Presentation Summary

Presentation Slides Link: https://app.pitch.com/app/presentation/e85a8c0a-5551-45b1-97f3-d82d245a0bbe/082ee45a-ddbc-4f4e-bec5-26ac37454fb2/58ba1ce9-3af8-4e8b-8c74-8dabb2007959

Slide 1: Title Slide (5 sec) - @Dhruv Upadhyay

Slide 2: Introduction (Team Introduction & Member Expertise) (1 min)

Dhruv:

  • Executive Director, responsible for overall team operations and direction

Ethan:

  • Electrical Lead: responsible for wiring the drone and testing electrical systems

`Ayoung:

  • Work on sensor driver integration and testing.

Hamza:

Nathan:

Slide 3: Introducing Icarus (UAMS Design) (3 min)

  • Picture of Icarus & General Icarus Introduction - @Dhruv Upadhyay

  • Buzzwords

    • Adaptability (@Dhruv Upadhyay) - Able to perform efficiently in any environment regardless of weather and distance.

      • Problem Statement: Big city airports are not easily accessible and require a significant amount of space of runways

      • Quadplane, quad for constrained takeoff/landings (e.g. urban environments), fixed-wing for longer-distance operations

    • Modularity (@Nathan Green) - Movable cabin, variable cargo (can move the cabin around)

      • Add graph about different applications

        • Different cabin design can easily be added for varying number of passengers, different occupants (e.g. Cargo)

    • Convenience - @Ayoung Eun (French)

      • Supports autonomous operations via multiple cameras and redundant sensors

        • Less human staff required to operate the system

      • Problems that we will be solving:

        • Since COVID, there was pilot shortage to operate aircraft.

        • Also, the price to operate such machine increases as the day goes by.
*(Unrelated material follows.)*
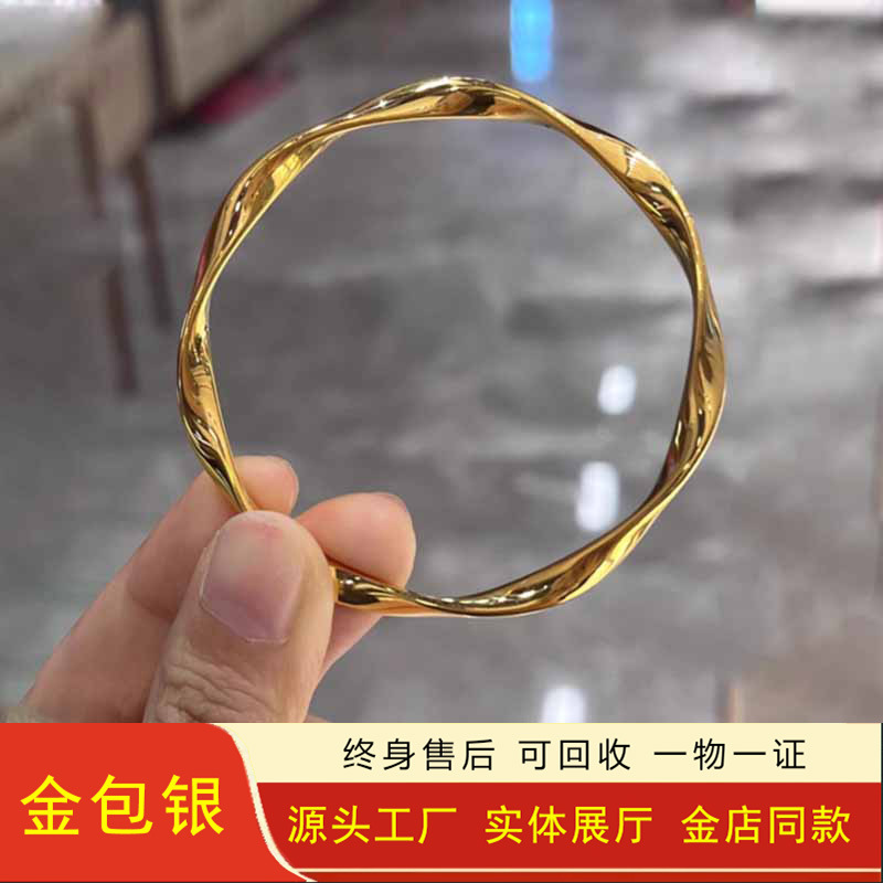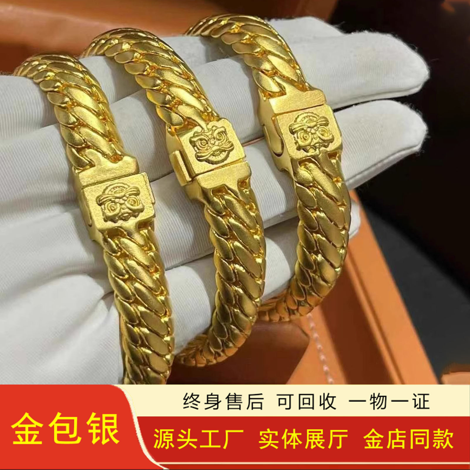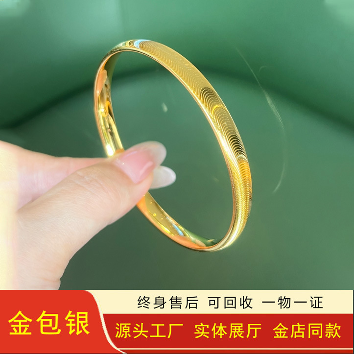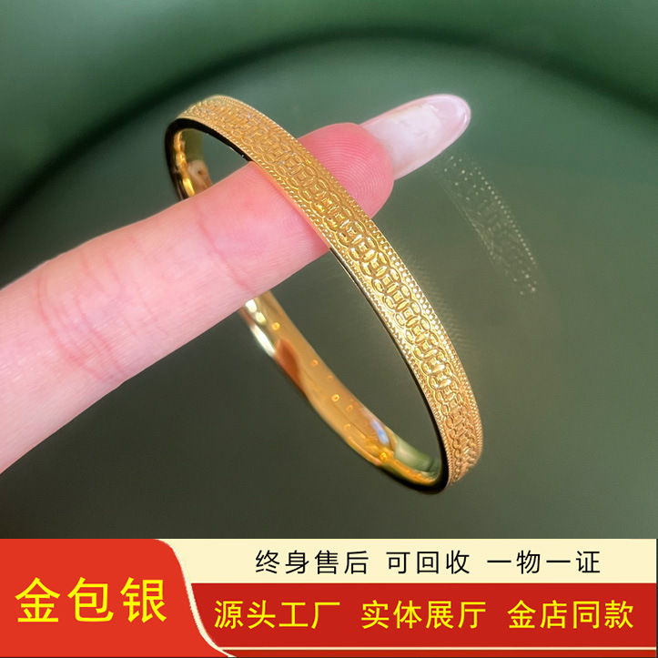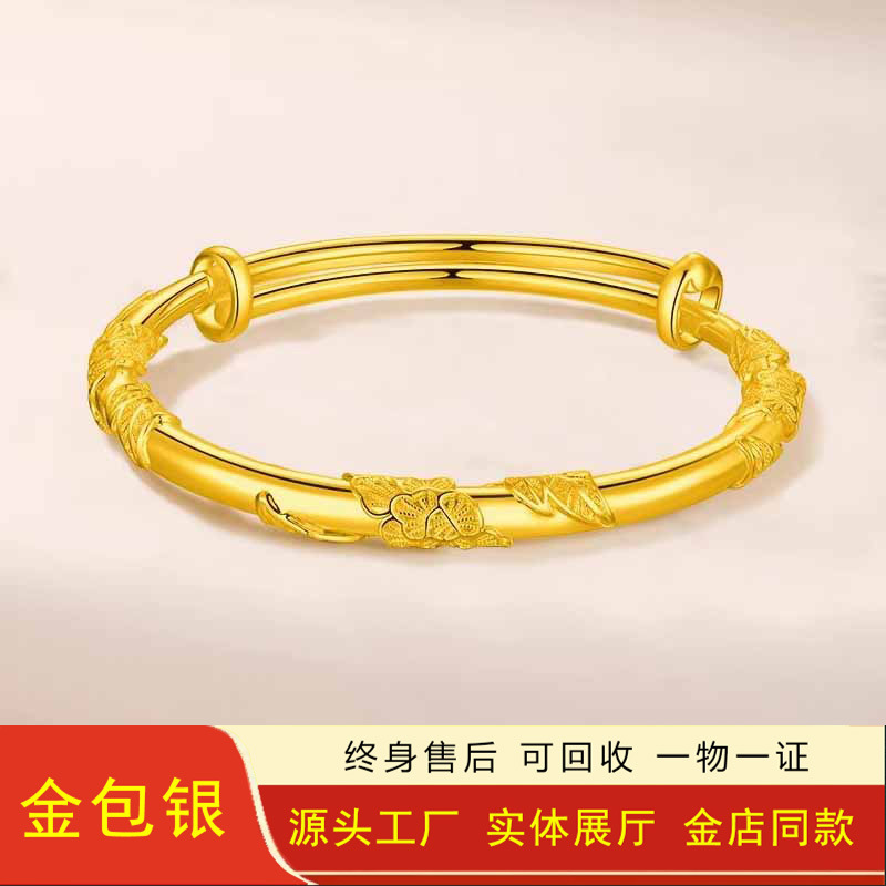卸売り金包銀ブレスレット女古法中実押し引き調節できない色素輪2025年新型結婚ブレスレット

To address this issue…

        • Easy to maintain through removable landing gear, wings, wing-spars, etc. ‘- That’s modularity

Slide 4: Use Cases (1.5 min) - @Ethan Abraham

  • Long Range Passenger Transport

    • We have designed Icarus with two key use cases in mind, which make it the ideal solution to urban air transport.

    • The first, is long range passenger transport. Passengers want to be able to travel longer distances in a more efficient manner. Icarus in its fixed-wing configuration can provide 30 minutes of flight time and 40 km of travel.

    • Furthermore, Icarus will be flying in high-density areas with skyscrapers and other aircrafts. Therefore it is imperative that it has collision detection and avoidance technology. Icarus was designed with these safety concerns in mind, by featuring 3 different camera perspectives, a controlled lighting system for night-time travel, and a wide variety of sensors so that we can get information on all aspects of the aircraft at any given time.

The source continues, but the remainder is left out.